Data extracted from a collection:
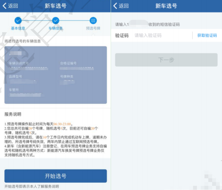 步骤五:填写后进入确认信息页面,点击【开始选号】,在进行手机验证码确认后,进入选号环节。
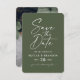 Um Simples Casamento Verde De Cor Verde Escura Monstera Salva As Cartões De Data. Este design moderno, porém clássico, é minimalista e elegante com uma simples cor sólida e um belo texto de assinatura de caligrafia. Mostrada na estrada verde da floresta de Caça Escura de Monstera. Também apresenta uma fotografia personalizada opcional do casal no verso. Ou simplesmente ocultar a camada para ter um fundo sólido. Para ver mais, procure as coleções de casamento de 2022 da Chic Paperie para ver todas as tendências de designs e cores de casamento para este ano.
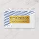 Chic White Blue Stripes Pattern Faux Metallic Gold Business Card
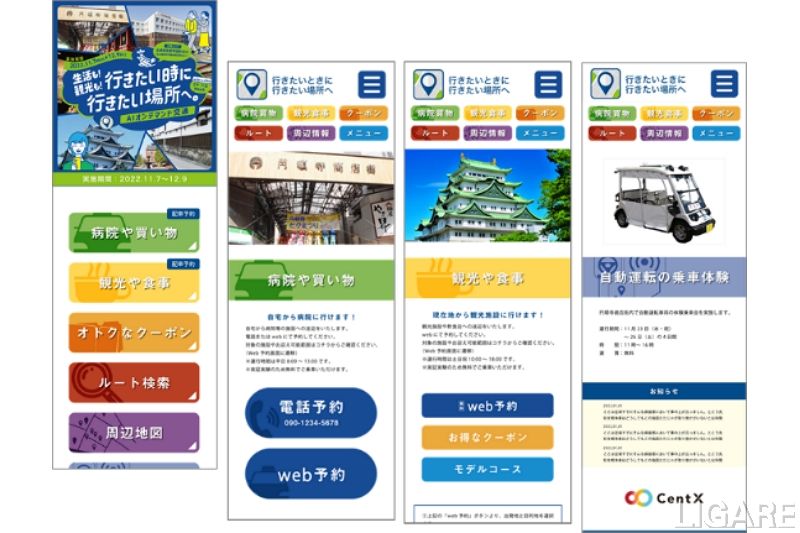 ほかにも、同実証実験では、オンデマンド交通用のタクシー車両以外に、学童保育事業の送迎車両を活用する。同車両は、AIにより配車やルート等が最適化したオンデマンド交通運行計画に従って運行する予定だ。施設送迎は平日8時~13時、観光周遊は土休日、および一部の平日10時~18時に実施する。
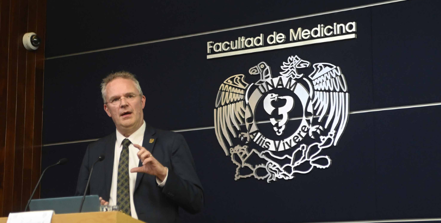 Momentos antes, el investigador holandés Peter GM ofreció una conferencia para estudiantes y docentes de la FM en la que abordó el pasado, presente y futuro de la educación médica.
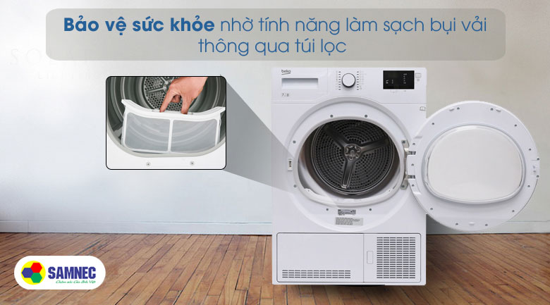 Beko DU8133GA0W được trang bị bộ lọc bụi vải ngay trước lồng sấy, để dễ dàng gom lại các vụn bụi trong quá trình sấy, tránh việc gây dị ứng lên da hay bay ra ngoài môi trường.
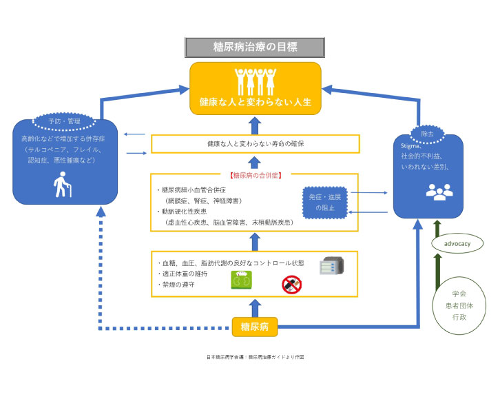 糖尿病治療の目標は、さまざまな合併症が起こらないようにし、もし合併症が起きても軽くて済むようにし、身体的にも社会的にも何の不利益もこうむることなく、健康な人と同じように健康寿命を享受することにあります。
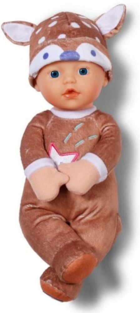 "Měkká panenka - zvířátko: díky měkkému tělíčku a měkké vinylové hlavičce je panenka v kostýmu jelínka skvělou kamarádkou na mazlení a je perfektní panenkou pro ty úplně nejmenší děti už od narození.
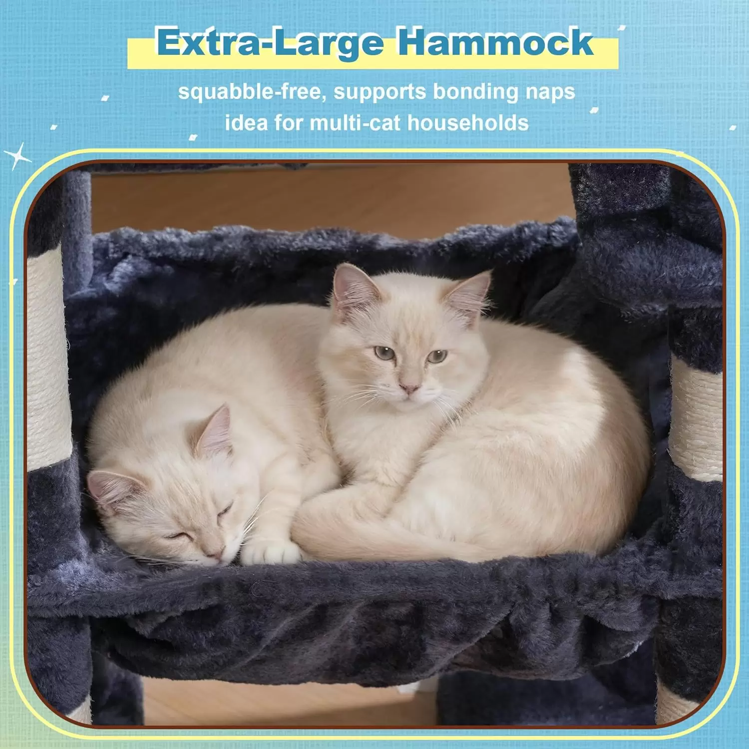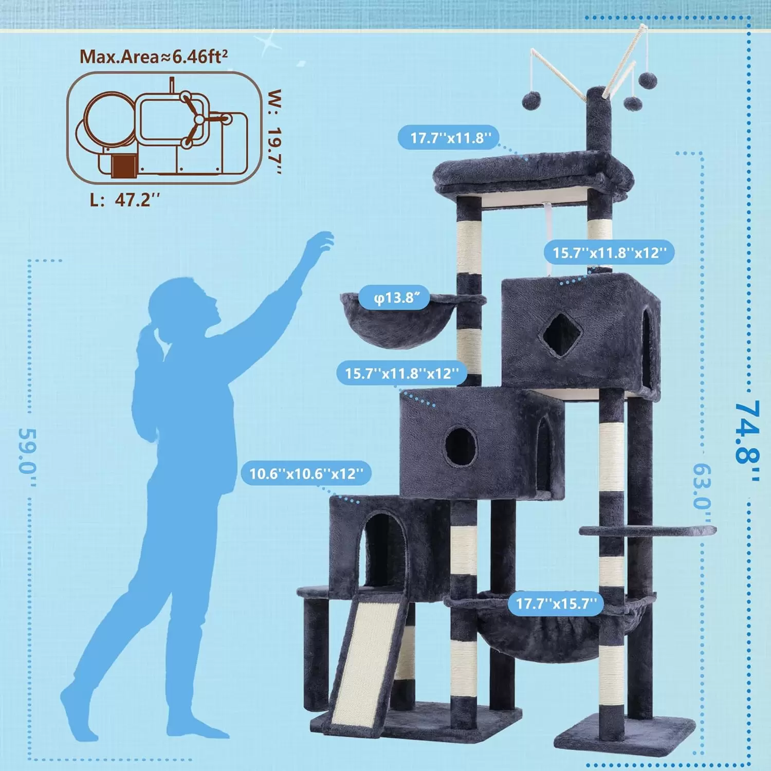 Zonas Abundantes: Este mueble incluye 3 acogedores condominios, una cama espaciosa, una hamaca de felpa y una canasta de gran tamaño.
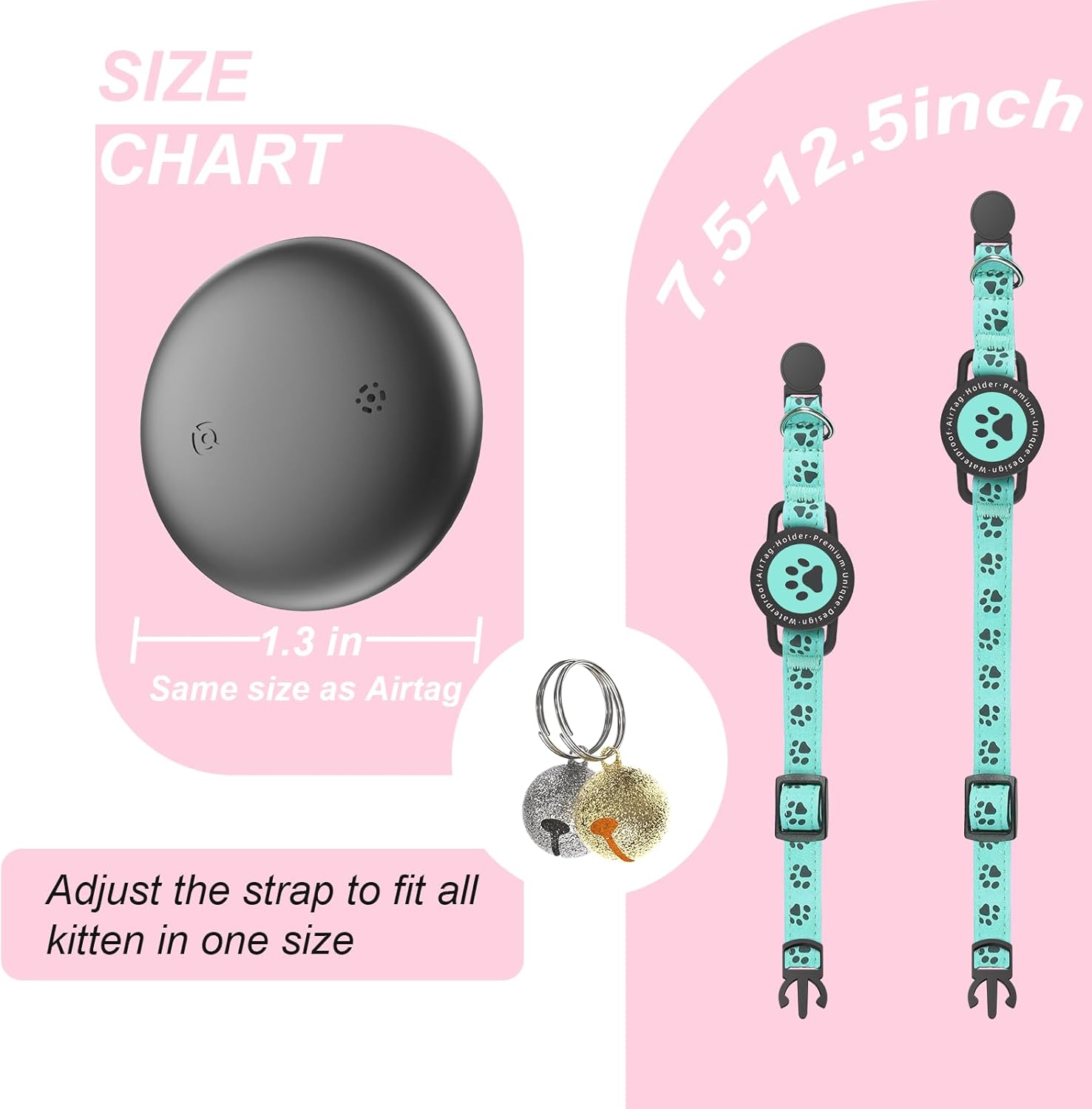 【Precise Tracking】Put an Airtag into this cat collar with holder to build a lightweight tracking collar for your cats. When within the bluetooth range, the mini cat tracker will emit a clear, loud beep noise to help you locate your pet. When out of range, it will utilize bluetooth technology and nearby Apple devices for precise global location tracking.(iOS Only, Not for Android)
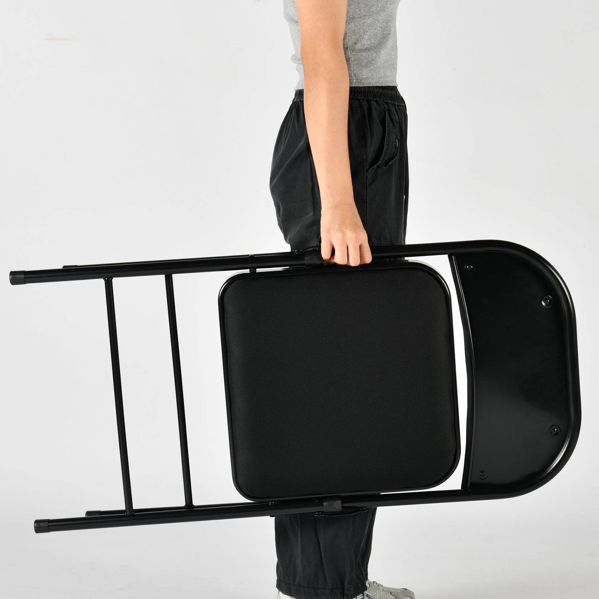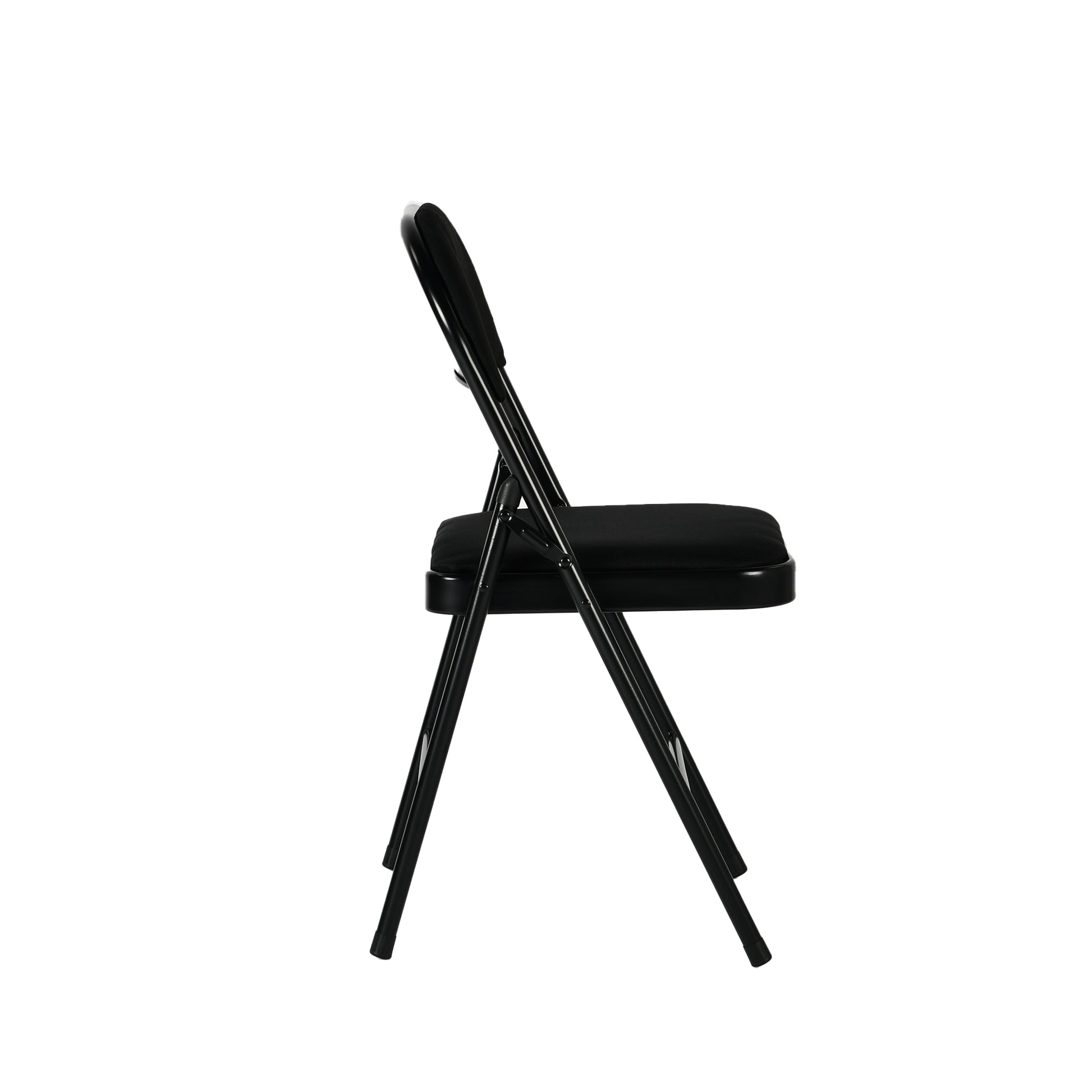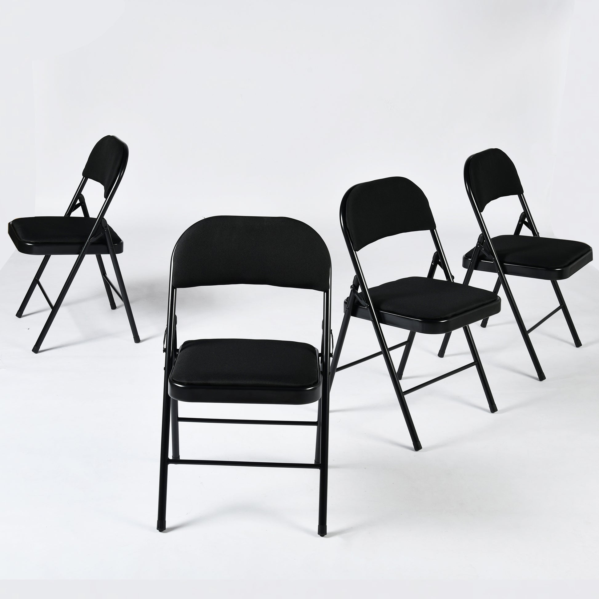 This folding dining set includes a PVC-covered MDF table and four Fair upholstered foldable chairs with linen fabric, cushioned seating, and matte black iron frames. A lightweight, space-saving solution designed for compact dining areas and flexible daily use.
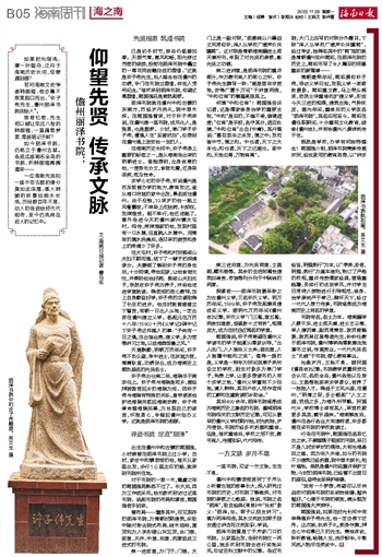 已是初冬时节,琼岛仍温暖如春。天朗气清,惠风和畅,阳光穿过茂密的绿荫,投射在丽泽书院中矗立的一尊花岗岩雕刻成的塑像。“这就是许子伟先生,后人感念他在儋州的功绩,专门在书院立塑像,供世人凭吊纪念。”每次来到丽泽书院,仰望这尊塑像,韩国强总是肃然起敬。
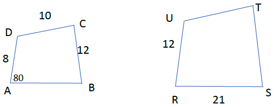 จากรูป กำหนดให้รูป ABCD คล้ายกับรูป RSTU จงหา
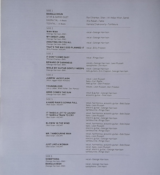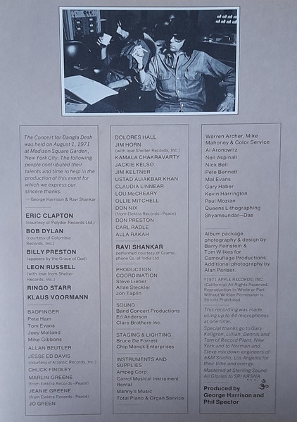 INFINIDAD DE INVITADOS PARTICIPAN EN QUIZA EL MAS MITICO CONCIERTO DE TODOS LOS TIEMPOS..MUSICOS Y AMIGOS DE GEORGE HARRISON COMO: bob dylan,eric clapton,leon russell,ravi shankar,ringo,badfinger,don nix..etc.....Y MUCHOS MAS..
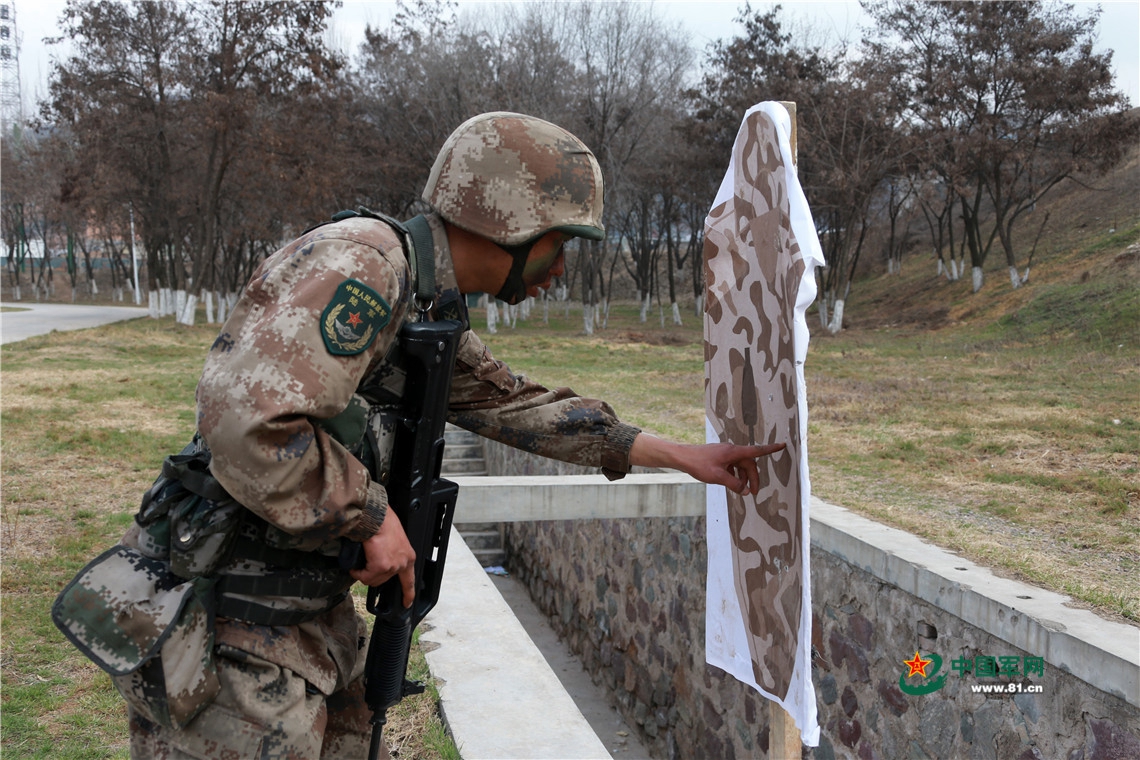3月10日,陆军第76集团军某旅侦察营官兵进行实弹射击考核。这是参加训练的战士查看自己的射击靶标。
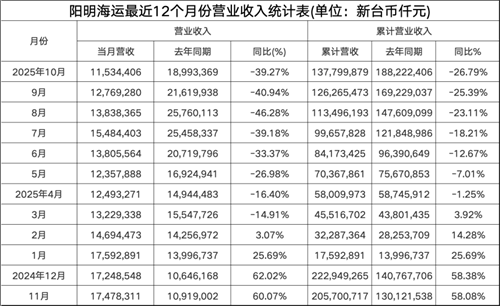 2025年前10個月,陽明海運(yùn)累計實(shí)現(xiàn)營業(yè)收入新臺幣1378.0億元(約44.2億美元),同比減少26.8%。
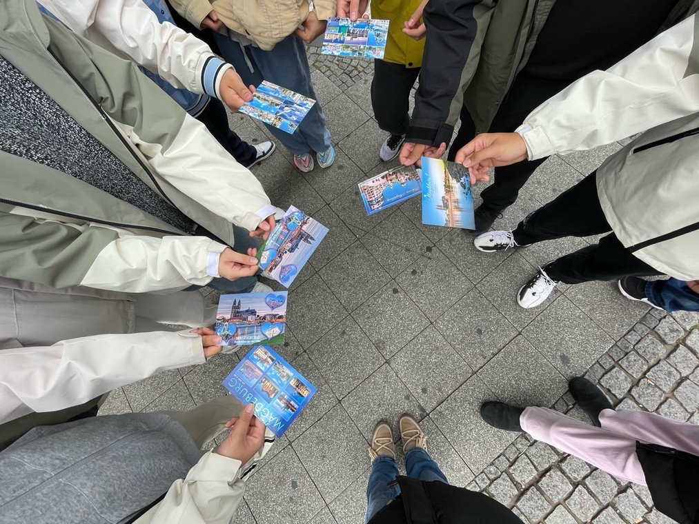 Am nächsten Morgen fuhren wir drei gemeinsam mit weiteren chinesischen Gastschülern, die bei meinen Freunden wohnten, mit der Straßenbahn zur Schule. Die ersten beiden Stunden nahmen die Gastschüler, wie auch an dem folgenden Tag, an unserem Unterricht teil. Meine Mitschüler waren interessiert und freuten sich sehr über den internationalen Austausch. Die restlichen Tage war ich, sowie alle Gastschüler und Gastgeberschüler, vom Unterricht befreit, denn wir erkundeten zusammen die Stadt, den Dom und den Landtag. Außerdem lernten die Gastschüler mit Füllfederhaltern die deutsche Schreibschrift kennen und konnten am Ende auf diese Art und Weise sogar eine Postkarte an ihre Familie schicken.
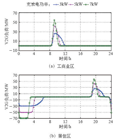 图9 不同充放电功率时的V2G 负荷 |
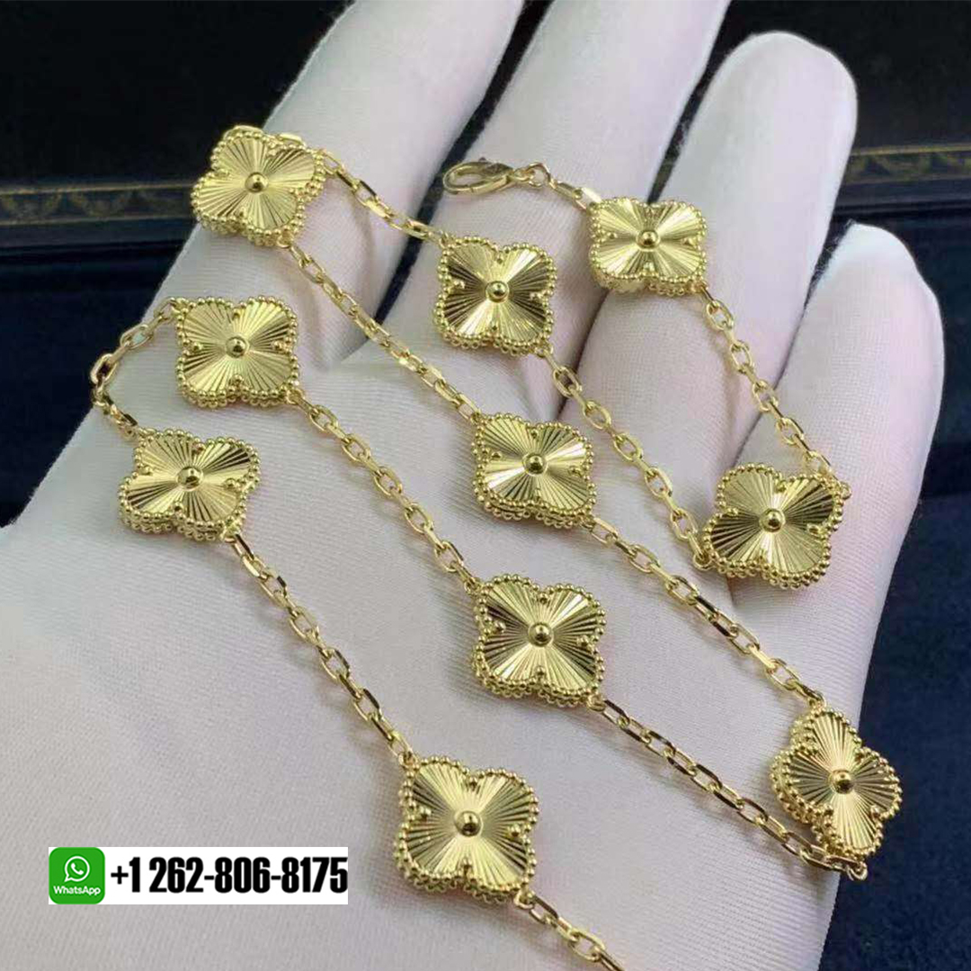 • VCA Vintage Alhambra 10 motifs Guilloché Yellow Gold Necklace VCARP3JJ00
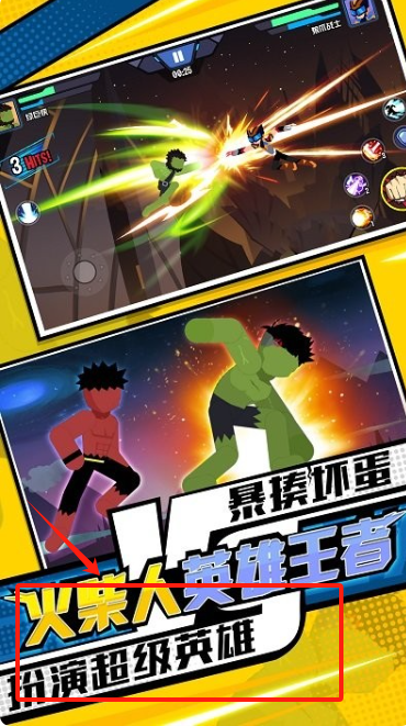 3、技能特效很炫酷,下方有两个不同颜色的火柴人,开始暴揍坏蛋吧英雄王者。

Work instructions
The answer must be an exact copy of the lines from the one that holds "จากรูป กำหนดให้รูป ABCD" through the end of the data, both included, with no pictures.

Written solution
 จากรูป กำหนดให้รูป ABCD คล้ายกับรูป RSTU จงหา
 INFINIDAD DE INVITADOS PARTICIPAN EN QUIZA EL MAS MITICO CONCIERTO DE TODOS LOS TIEMPOS..MUSICOS Y AMIGOS DE GEORGE HARRISON COMO: bob dylan,eric clapton,leon russell,ravi shankar,ringo,badfinger,don nix..etc.....Y MUCHOS MAS..
3月10日,陆军第76集团军某旅侦察营官兵进行实弹射击考核。这是参加训练的战士查看自己的射击靶标。
 2025年前10個月,陽明海運(yùn)累計實(shí)現(xiàn)營業(yè)收入新臺幣1378.0億元(約44.2億美元),同比減少26.8%。
 Am nächsten Morgen fuhren wir drei gemeinsam mit weiteren chinesischen Gastschülern, die bei meinen Freunden wohnten, mit der Straßenbahn zur Schule. Die ersten beiden Stunden nahmen die Gastschüler, wie auch an dem folgenden Tag, an unserem Unterricht teil. Meine Mitschüler waren interessiert und freuten sich sehr über den internationalen Austausch. Die restlichen Tage war ich, sowie alle Gastschüler und Gastgeberschüler, vom Unterricht befreit, denn wir erkundeten zusammen die Stadt, den Dom und den Landtag. Außerdem lernten die Gastschüler mit Füllfederhaltern die deutsche Schreibschrift kennen und konnten am Ende auf diese Art und Weise sogar eine Postkarte an ihre Familie schicken.
 图9 不同充放电功率时的V2G 负荷 |
 • VCA Vintage Alhambra 10 motifs Guilloché Yellow Gold Necklace VCARP3JJ00
 3、技能特效很炫酷,下方有两个不同颜色的火柴人,开始暴揍坏蛋吧英雄王者。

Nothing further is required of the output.